An End to Parking

There are few things I like less than driving around looking for a parking spot. I am a first-come, first-parker. When I see an empty spot, even when it is half a mile from the place we’re going, I’ll take it. This is one of the few areas where Kelly and I have a difference of opinion. She is willing to drive around looking for a better spot, and often urges me (strongly urges me) to do better. But parking is one of those things that raises my blood pressure to dangerous levels. Given the choice between searching for a better parking spot, or having a cavity filled, I’d have to think about it seriously before making the decision to have the cavity filled.

“Parking” is an annoyingly misleading word. It gives the impression of parks, and yet leaves you on a sprawling landscape of cracked pavement that looks nothing like a park. Probably, the place was once a “park” and the act of “parking” was to convert the trees and beauty into a bleak cement geometry.

It occurred to me, however, that there is hope on the horizon, in the form of self-driving cars. The current logical progression of such cars is that the will eliminate the need for people to own their own cars, at least, any car that isn’t collectible. When you need a car, you request one, much like you do through über today, the car picks you up, drops you off at your destination, and drives away seeing other passengers.

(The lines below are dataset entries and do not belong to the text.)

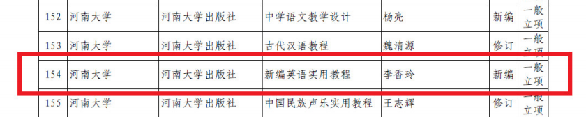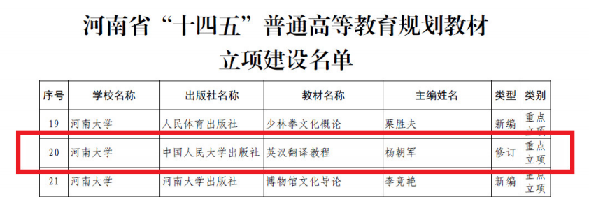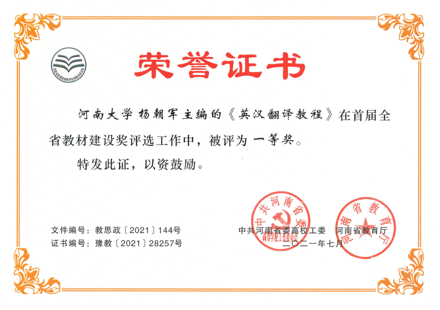 教材建设奖是检阅、展示教材建设服务党和国家人才培养成果,增强教材工作者荣誉感、责任感,推动构建中国特色、世界水平教材体系的一项重大制度。近期,外语学院本科教材建设成果喜获佳绩:获批河南省“十四五”普通高等教育规划教材2部、获首届河南省教材建设一等奖1项、获首届全国教材建设先进个人奖1项、获美国现代语言协会(MLA)年度独立学者奖1项。
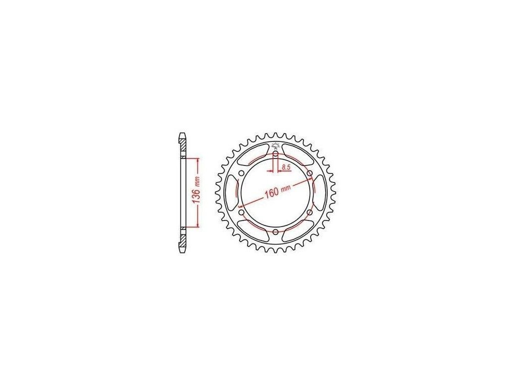 oceľové reťazové koleso pre sekundárne reťaze typ 520 JT - Anglicko 44 zubov
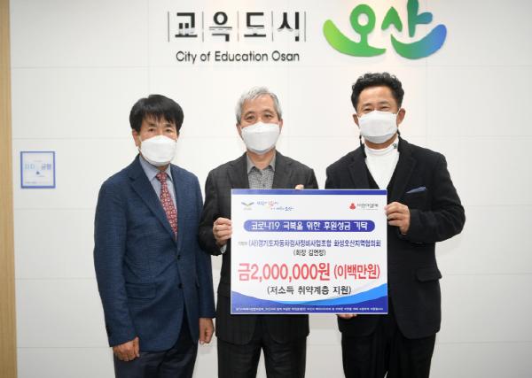 오산시는 경기도자동차검사정비사업조합 화성오산지역협의회(회장 김연정)가 12월 1일 시청을 방문해 관내 저소득층을 위해 사용해 달라며 성금 2백만원을 기탁했다고 밝혔다.
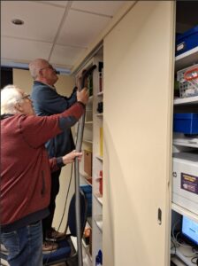 Ondertussen klusten in de computerruimte enkele bestuursleden er lustig op los. De echte werkpaarden onder de vrijwilligers.
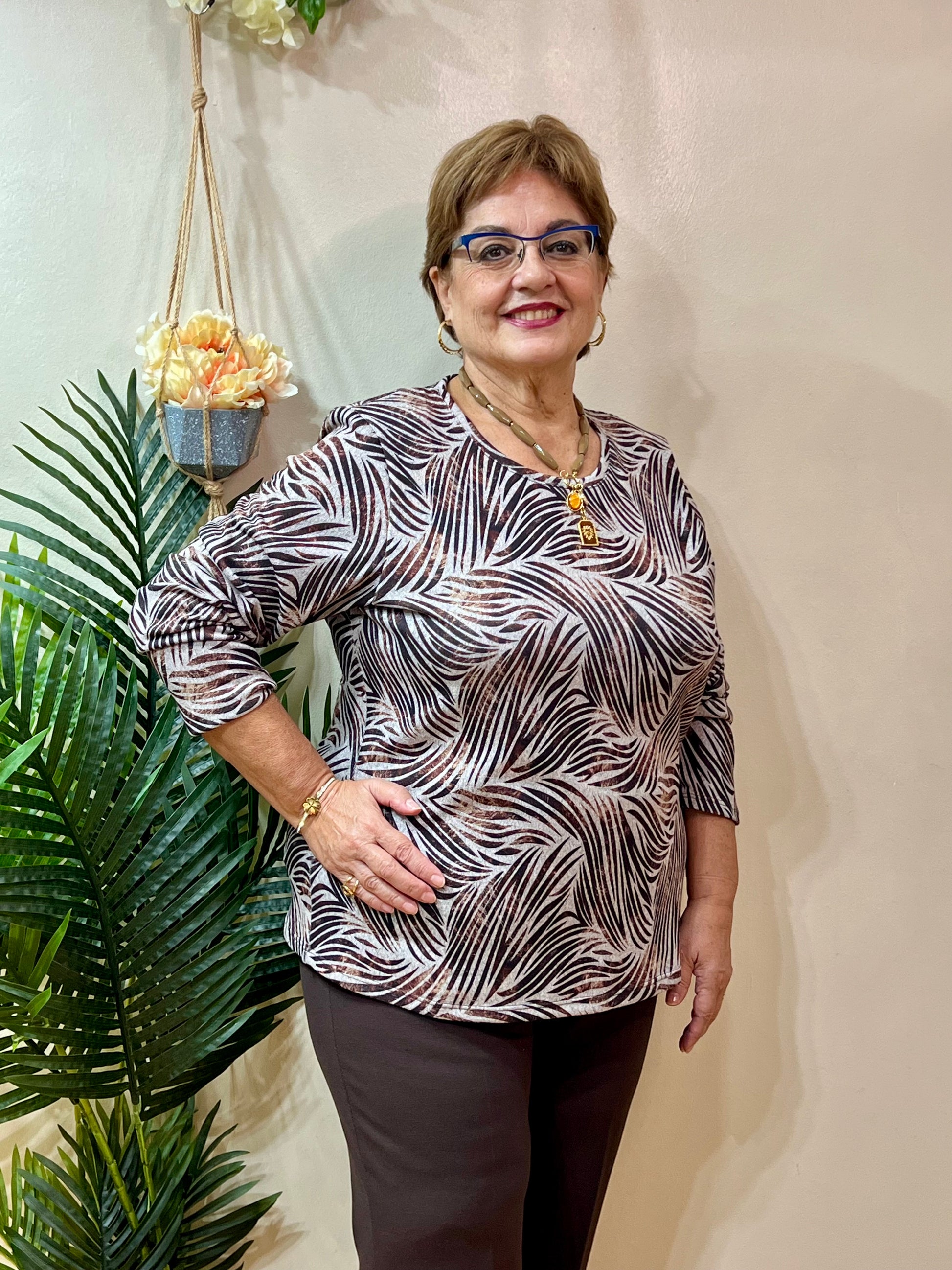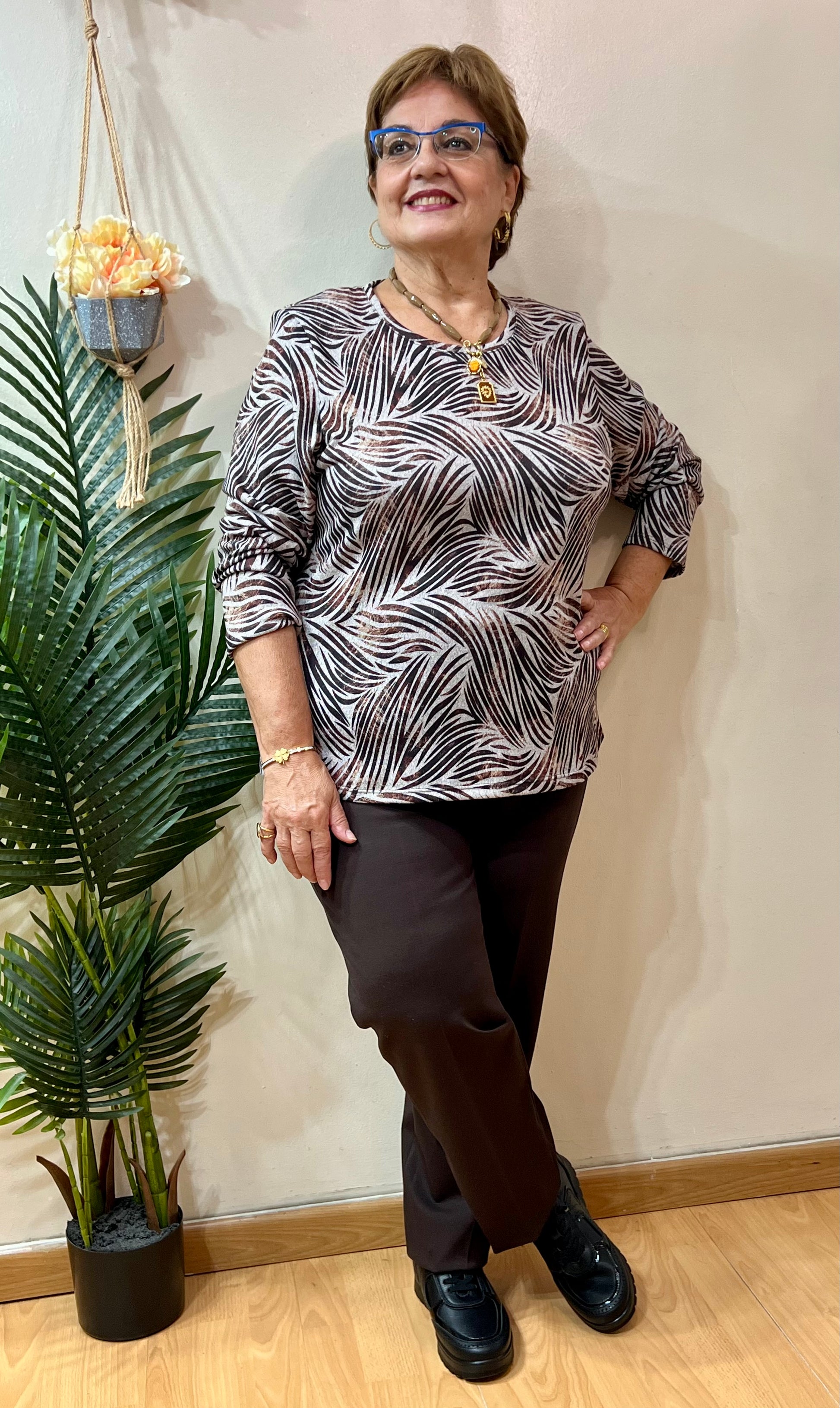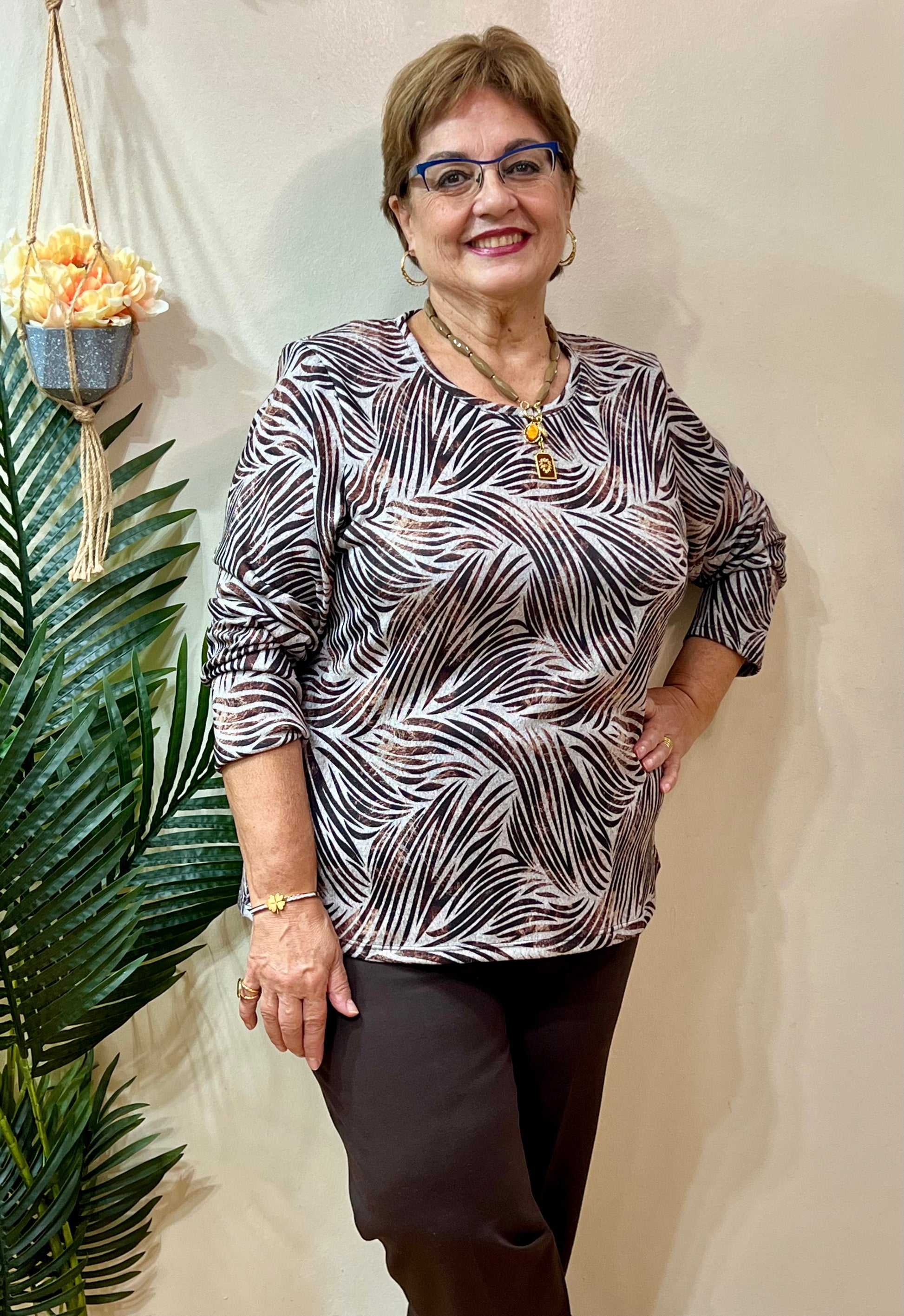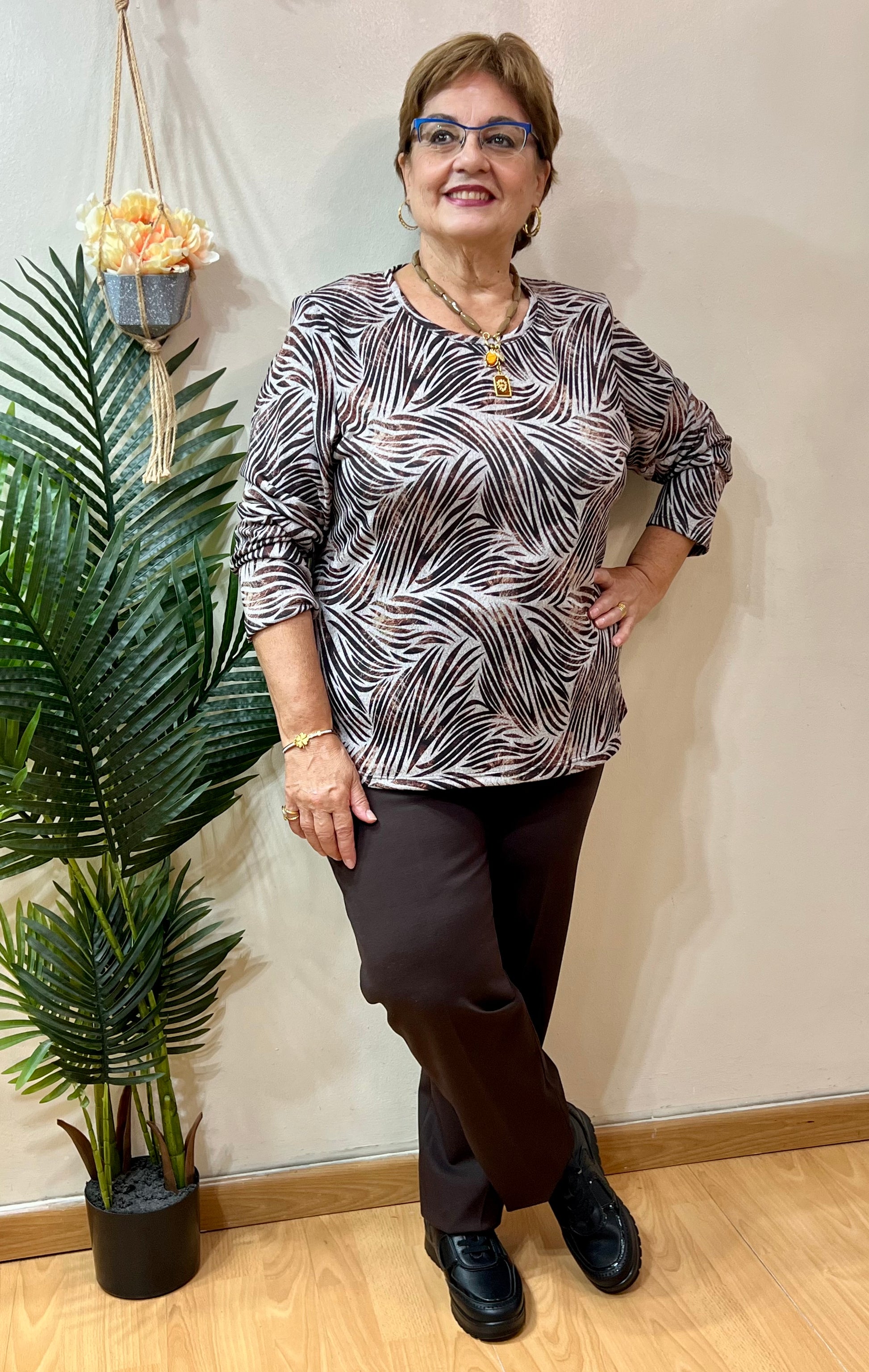Camiseta estampada en rayas/hojas marrones sobre fondo gris suave. Escote a la caja. Manga larga, hombreras, fabricación nacional con terminaciones de calidad. Por tallas. Tejido 92%poliester y 8% elastomero.

This means, of course, never having to parking again. If I need to go to the store, I request a car, it drops me off in front of the store, and I go in and do my shopping, requesting another car when I am finished. Probably, this will be an additional question on the self-checkout screen: “Do you need a car?”

Going one step further, however, I realized it might mean an end to most parking lots as well. I could imagine that some car services would give a person the option to have the car wait for them for a short period of time, for which there would need to be space for the car to wait. But in the vast majority of cases, waiting wouldn’t be necessary, and parking lots could be unpaved and replaced with parks. That would also make “Big Yellow Taxi” as obsolete as the rotogravure.

There may be some down sides to self-driving cars. But to never have to park a car again is a huge upside for me. And for now, at least, I am not going to worry about where all of those self-driving cars will be stored when they are not skittering about the roads driving people places.